An overview presentation on Community empowerment for fisheries co-management dealt with a generic model of community empowerment from a practitioners' point of view as well as a review of experiences gained from level interventions. Empowerment of fishing communities means enabling resource poor, marginalised, isolated and unexposed groups to enhance their capacities in order to cope with changes, undertake economic and social development, ensure greater community cohesion, perceive mutual interests in sustaining fisheries resources and regulate fishing.

Since empowerment is a process, and grows over time and in different but mutually reinforcing dimensions, it needs to be fostered through holistic approach. Community issues and action areas such as gender inclusiveness, additional and alternative income generation, primary health care and sanitation, nutrition, elementary education, disaster preparedness, legal literacy, confidence building and visioning all need to be addressed in addition to those of conservation and fisheries resources sustainability.
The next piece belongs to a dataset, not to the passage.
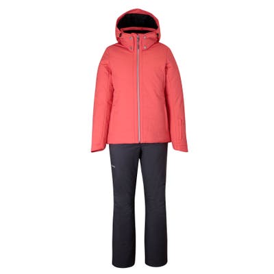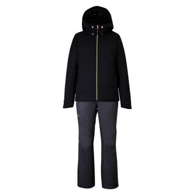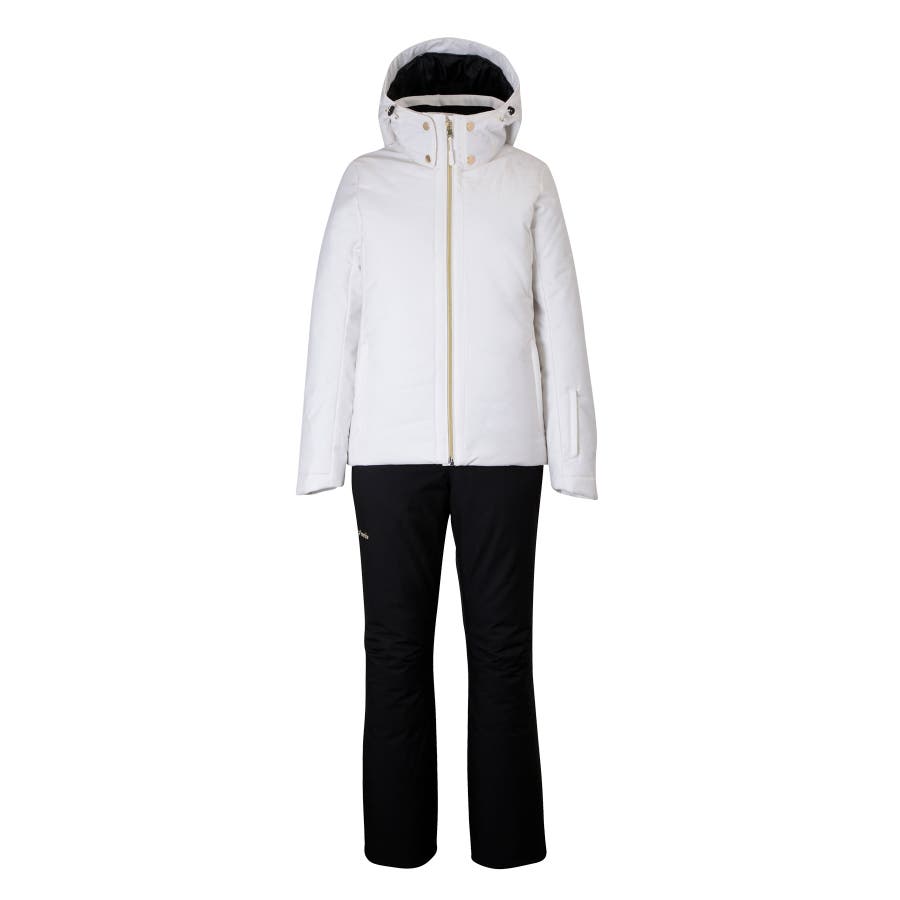 レディース向けのスキーウェアセットで、機能性とスタイルを両立させたアイテム。
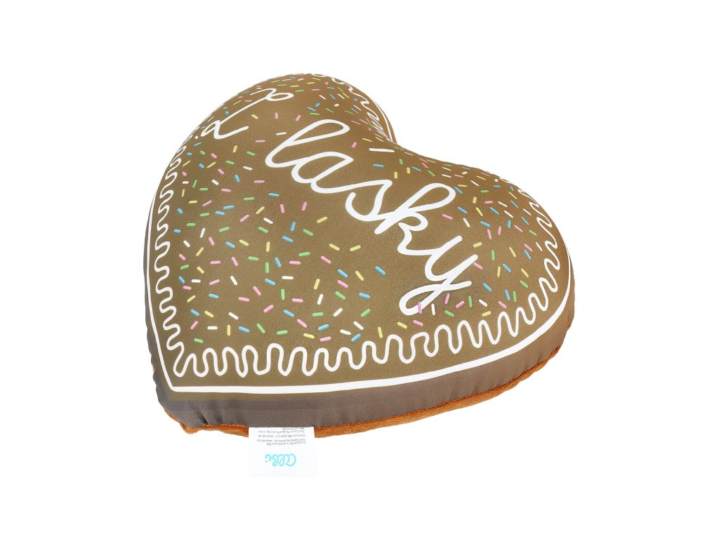 Pohodlný polštář ve tvaru perníkového srdce je milým dárkem pro ženu.Doplňkové parametry

Community empowerment is encouraged through networking of local organizations at village, district, provincial, regional and national levels. The empowerment process needs to draw energy both from "outside" and "inside" sources. Outside agencies may serve a catalytic role, promoting an enabling environment by facilitating policy, legal and institutional reforms, for example. But empowerment depends essentially on energies generated from within the community, through self-help projects and other stakeholder initiatives that both reflect and reinforce a sense of unity and common purpose.